SpatialQA aggregates RGB–D images and QA pairs from seven primary sources:

• Bunny_695k (COCO + Visual Genome [VG]) with ≈ 695,000 images (MDE-estimated depth)
• VG/COCO subset: 20,000 images (ZoeDepth)
• KITTI: 1,750 images (filtered, ZoeDepth)
• NYU Depth v2: 1,500 images (sensor depth)
• RT-X: 7,500 images (sensor or ZoeDepth)
• SA-1B: 15,000 images (ZoeDepth)
• 2D-3D-S: 2,900 images (sensor depth)

This yields approximately 743,000–750,000 unique RGB–D images. Each image is paired with a channel-aligned depth map either as a single-channel uint24 (millimeter-quantized, up to 131 m range) or three-channel uint8 PNG (bases 2⁰, 2⁵, 2¹⁰ mm). All images support CLIP-compatible shape (384×384 or 336×336 px).

Correspondingly, the dataset provides ≈ 740,000–750,000 QA pairs. Each image features 1–3 QA turns targeting different spatial reasoning levels, using both inherited questions from Bunny_695k and new, depth-focused questions. The dataset is partitioned using a 90/5/5 percent split for training, validation, and test, though no explicit held-out “test” set is detailed for SpatialQA in the primary publication.
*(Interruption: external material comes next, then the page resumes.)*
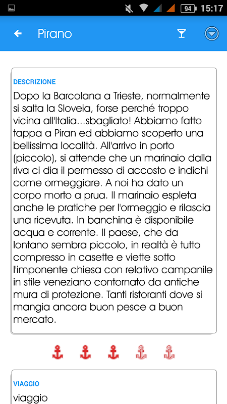 Attraverso i commenti degli utenti sarà possibile sapere che il ristorantino di banchina è “buono” piuttosto che avere un’idea di come siano accoglienti e puliti i bagni, se la recensione è data da un equipaggio familiare, sarà possibile capire come si è trovato chi naviga con i più piccoli a bordo, ecc.
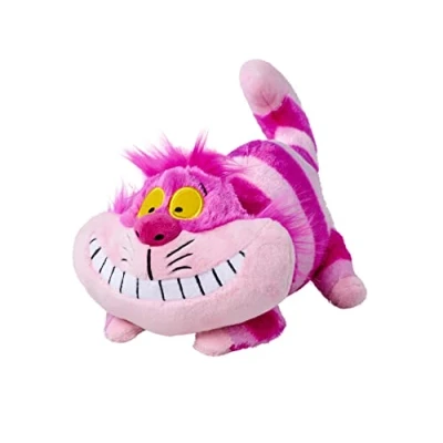 The fun Cheshire Cat is known from the Disney film "Alice in Wonderland" and has become a popular character With the 25 cm large plush toy, you can now be super cuddled and cuddled The pink striped cat in lying pose comes with a wide grin and immediately puts a smile on the face The plush toy is made of cuddly soft plush and also looks great as a decoration on the sofa Suitable for children from the first months of life

2. Taxonomy of Spatial Questions

SpatialQA’s QA pairs are categorized into three levels, each designed to elicit different reasoning capabilities:

1. Level 1: Absolute Depth
   • Queries require pixel- or object-centered depth value estimation from the underlying depth map.
   • Example: “What is the depth at pixel (200,150)?” → “Depth(1.23 m)”
2. Level 2: Relative Depth / Proximity
   • Questions target comparative judgments (e.g., between two objects), requiring Boolean or categorical responses.
   • Example: “Is the red mug or the blue pitcher closer to the camera?” → “The red mug is closer.”
3. Level 3: 3D Spatial Relationships and Counting
   • These capture higher-order object relationships and cardinality constraints, such as “Has A touched B?” or counting the number of objects satisfying a predicate.
   • Example: “Has the green block reached the red block?” → “No – there is still a 5 cm gap.”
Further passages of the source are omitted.